Output each line of the listing exactly, though pictures are not to appear.

--- Information shown Enclosed Below ---

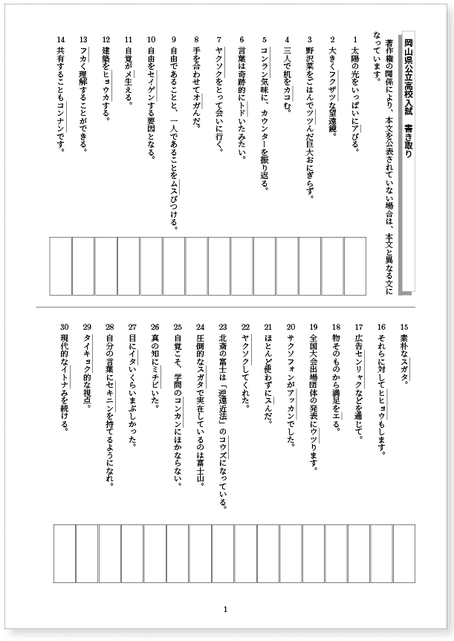 岡山県公立高校入試の過去問28年分の漢字の「書き取り」と「読み」の問題演習ができます。
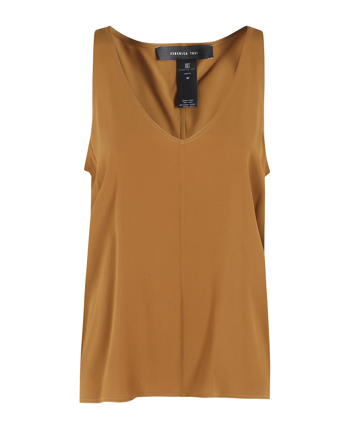 Tank top - Federica Tosi - Amber color - Crepe de chine fabric - Oval neckline - Sleeveless - Loose fit
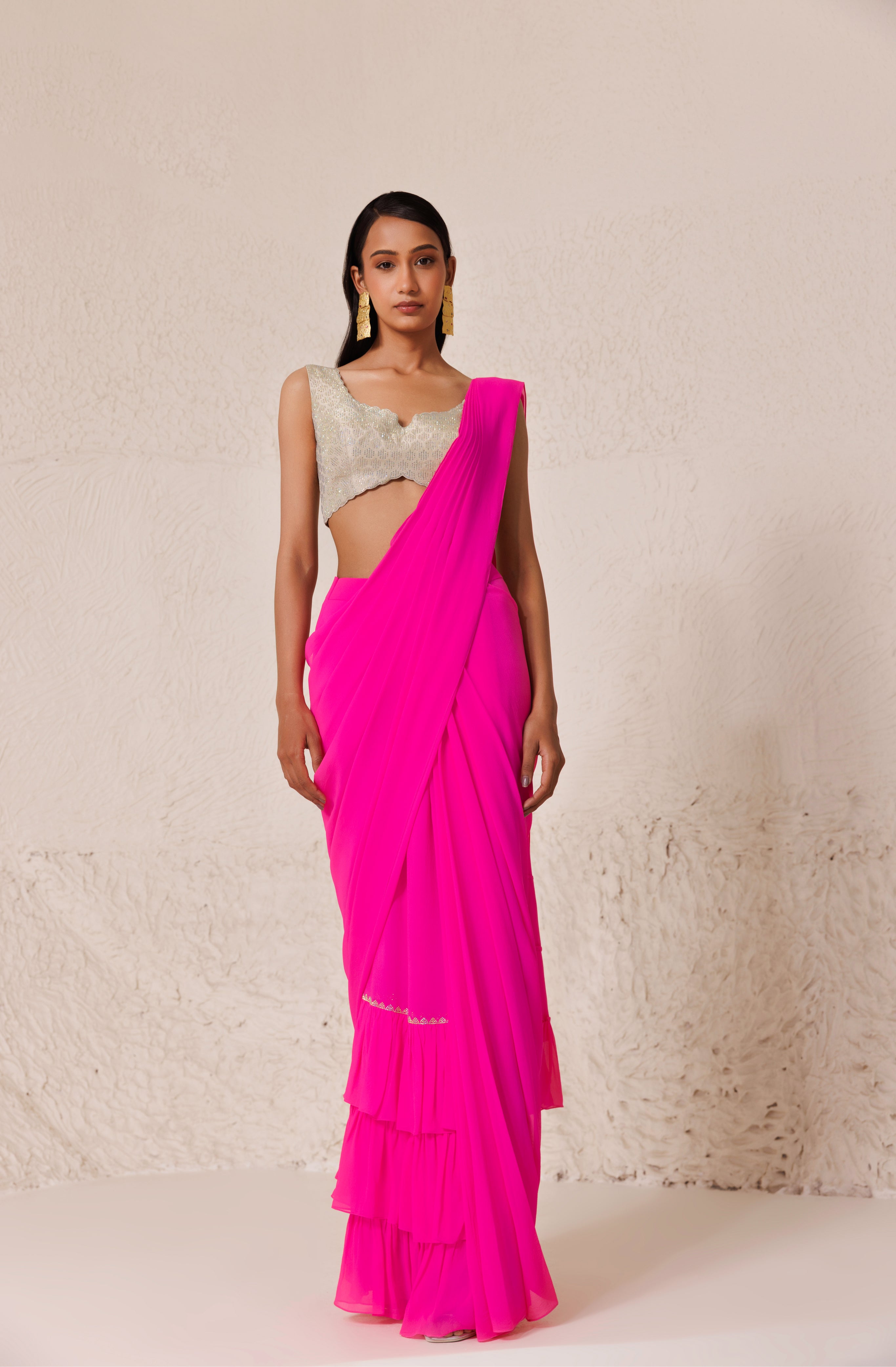 A Neon Pink draped saree, exquisitely adorned with rhinestone embellishments that radiate glamour and complementing this is a Silver Tissue blouse, embellished with rhinestones, creating a stunning look.

--- End of Enclosed Information shown ---

**Written solution:**
 岡山県公立高校入試の過去問28年分の漢字の「書き取り」と「読み」の問題演習ができます。
 Tank top - Federica Tosi - Amber color - Crepe de chine fabric - Oval neckline - Sleeveless - Loose fit
 A Neon Pink draped saree, exquisitely adorned with rhinestone embellishments that radiate glamour and complementing this is a Silver Tissue blouse, embellished with rhinestones, creating a stunning look.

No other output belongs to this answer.